**Description of the task:** Your reply should reproduce all the data below exactly while excluding the pictures.

**Material shown:**
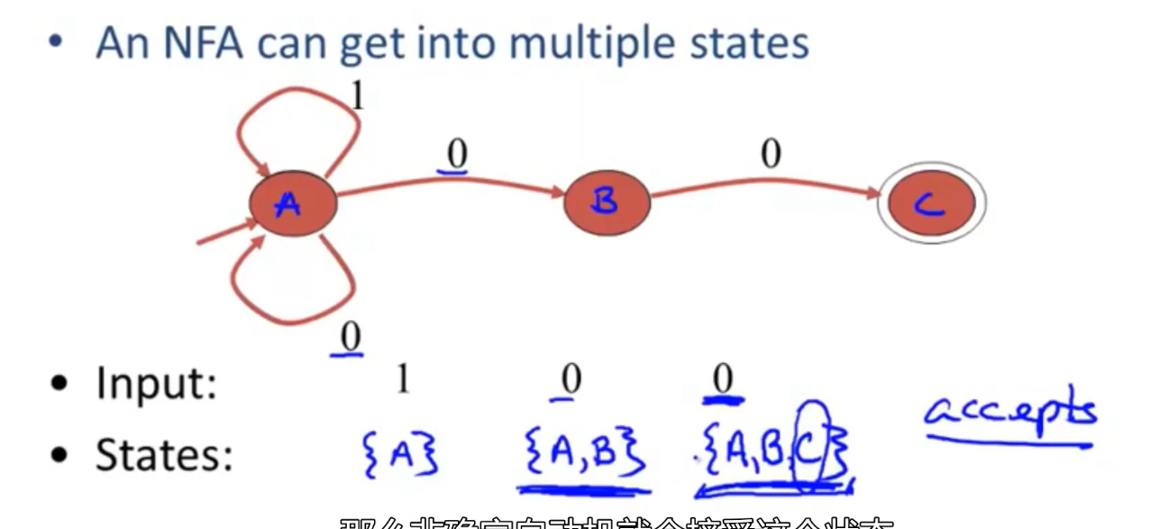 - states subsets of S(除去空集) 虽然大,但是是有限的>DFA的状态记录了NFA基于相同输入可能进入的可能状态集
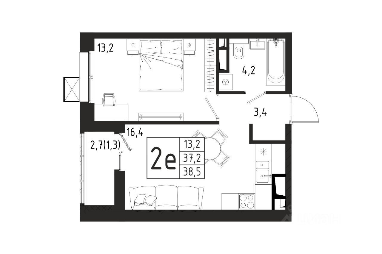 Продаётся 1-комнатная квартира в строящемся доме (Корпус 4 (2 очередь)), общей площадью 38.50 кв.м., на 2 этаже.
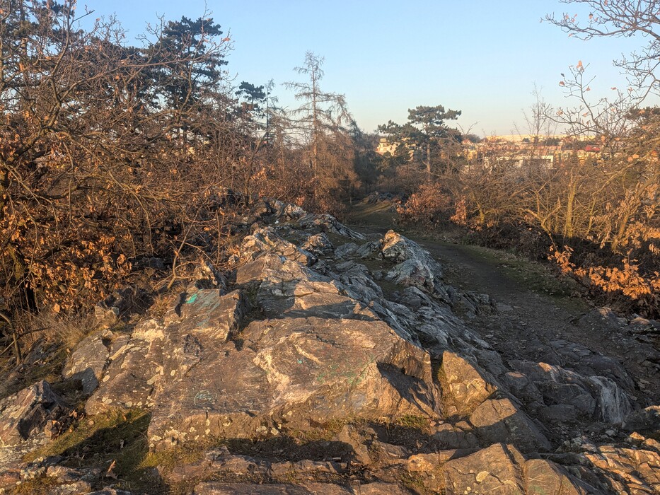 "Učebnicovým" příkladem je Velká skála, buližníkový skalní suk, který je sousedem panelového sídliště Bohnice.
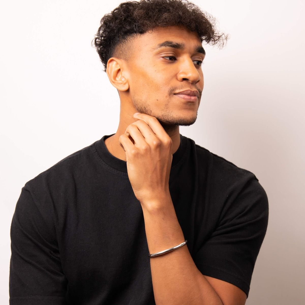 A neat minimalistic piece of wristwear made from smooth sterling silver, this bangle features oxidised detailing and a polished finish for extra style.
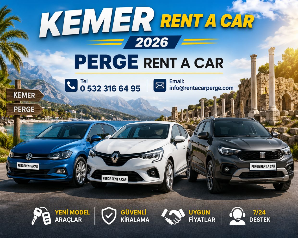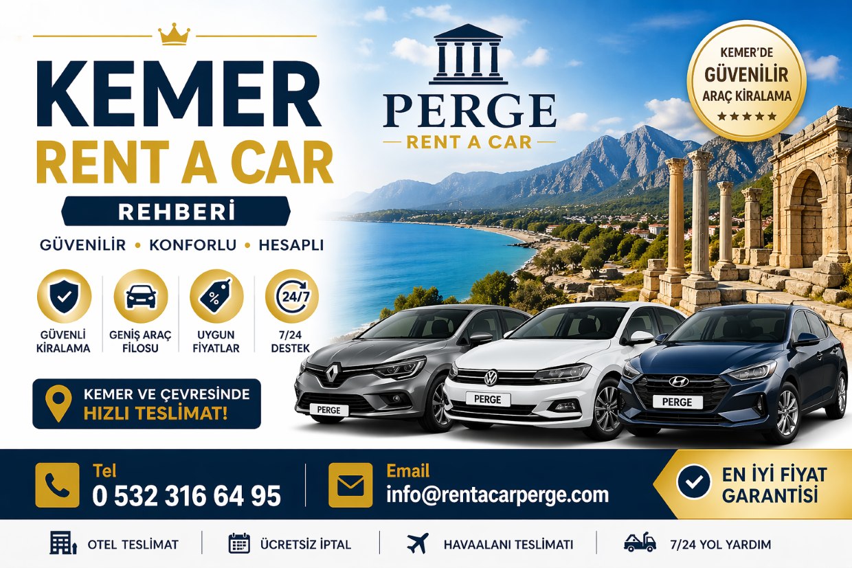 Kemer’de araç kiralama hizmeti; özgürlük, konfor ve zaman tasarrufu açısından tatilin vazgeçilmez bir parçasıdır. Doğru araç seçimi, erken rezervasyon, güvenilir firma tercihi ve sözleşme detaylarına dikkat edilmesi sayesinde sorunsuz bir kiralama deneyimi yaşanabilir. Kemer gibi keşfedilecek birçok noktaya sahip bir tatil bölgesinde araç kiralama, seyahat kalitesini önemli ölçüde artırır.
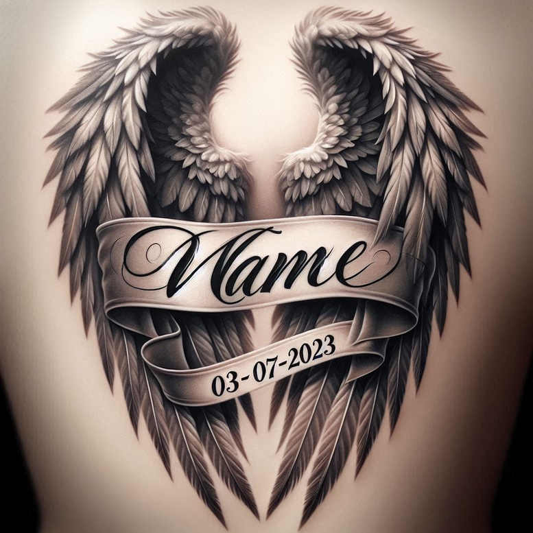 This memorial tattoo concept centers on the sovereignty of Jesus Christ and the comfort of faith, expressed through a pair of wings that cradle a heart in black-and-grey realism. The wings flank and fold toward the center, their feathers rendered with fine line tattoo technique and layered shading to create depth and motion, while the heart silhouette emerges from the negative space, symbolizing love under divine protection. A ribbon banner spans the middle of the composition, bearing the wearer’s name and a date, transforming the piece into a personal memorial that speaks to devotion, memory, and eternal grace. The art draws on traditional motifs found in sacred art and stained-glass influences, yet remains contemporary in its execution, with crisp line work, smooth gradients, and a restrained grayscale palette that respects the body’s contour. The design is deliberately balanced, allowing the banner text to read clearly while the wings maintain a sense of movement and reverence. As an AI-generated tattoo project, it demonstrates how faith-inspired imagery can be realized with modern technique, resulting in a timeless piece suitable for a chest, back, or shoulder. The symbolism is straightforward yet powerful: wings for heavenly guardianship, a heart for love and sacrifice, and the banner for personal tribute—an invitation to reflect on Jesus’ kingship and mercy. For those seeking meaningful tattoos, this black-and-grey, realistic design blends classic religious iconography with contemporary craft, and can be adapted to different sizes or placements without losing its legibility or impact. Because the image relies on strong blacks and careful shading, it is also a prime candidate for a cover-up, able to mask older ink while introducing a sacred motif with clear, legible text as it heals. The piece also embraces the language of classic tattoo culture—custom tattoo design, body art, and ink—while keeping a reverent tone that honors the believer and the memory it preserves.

**Written response:**
 - states subsets of S(除去空集) 虽然大,但是是有限的>DFA的状态记录了NFA基于相同输入可能进入的可能状态集
 Продаётся 1-комнатная квартира в строящемся доме (Корпус 4 (2 очередь)), общей площадью 38.50 кв.м., на 2 этаже.
 "Učebnicovým" příkladem je Velká skála, buližníkový skalní suk, který je sousedem panelového sídliště Bohnice.
 A neat minimalistic piece of wristwear made from smooth sterling silver, this bangle features oxidised detailing and a polished finish for extra style.
 Kemer’de araç kiralama hizmeti; özgürlük, konfor ve zaman tasarrufu açısından tatilin vazgeçilmez bir parçasıdır. Doğru araç seçimi, erken rezervasyon, güvenilir firma tercihi ve sözleşme detaylarına dikkat edilmesi sayesinde sorunsuz bir kiralama deneyimi yaşanabilir. Kemer gibi keşfedilecek birçok noktaya sahip bir tatil bölgesinde araç kiralama, seyahat kalitesini önemli ölçüde artırır.
 This memorial tattoo concept centers on the sovereignty of Jesus Christ and the comfort of faith, expressed through a pair of wings that cradle a heart in black-and-grey realism. The wings flank and fold toward the center, their feathers rendered with fine line tattoo technique and layered shading to create depth and motion, while the heart silhouette emerges from the negative space, symbolizing love under divine protection. A ribbon banner spans the middle of the composition, bearing the wearer’s name and a date, transforming the piece into a personal memorial that speaks to devotion, memory, and eternal grace. The art draws on traditional motifs found in sacred art and stained-glass influences, yet remains contemporary in its execution, with crisp line work, smooth gradients, and a restrained grayscale palette that respects the body’s contour. The design is deliberately balanced, allowing the banner text to read clearly while the wings maintain a sense of movement and reverence. As an AI-generated tattoo project, it demonstrates how faith-inspired imagery can be realized with modern technique, resulting in a timeless piece suitable for a chest, back, or shoulder. The symbolism is straightforward yet powerful: wings for heavenly guardianship, a heart for love and sacrifice, and the banner for personal tribute—an invitation to reflect on Jesus’ kingship and mercy. For those seeking meaningful tattoos, this black-and-grey, realistic design blends classic religious iconography with contemporary craft, and can be adapted to different sizes or placements without losing its legibility or impact. Because the image relies on strong blacks and careful shading, it is also a prime candidate for a cover-up, able to mask older ink while introducing a sacred motif with clear, legible text as it heals. The piece also embraces the language of classic tattoo culture—custom tattoo design, body art, and ink—while keeping a reverent tone that honors the believer and the memory it preserves.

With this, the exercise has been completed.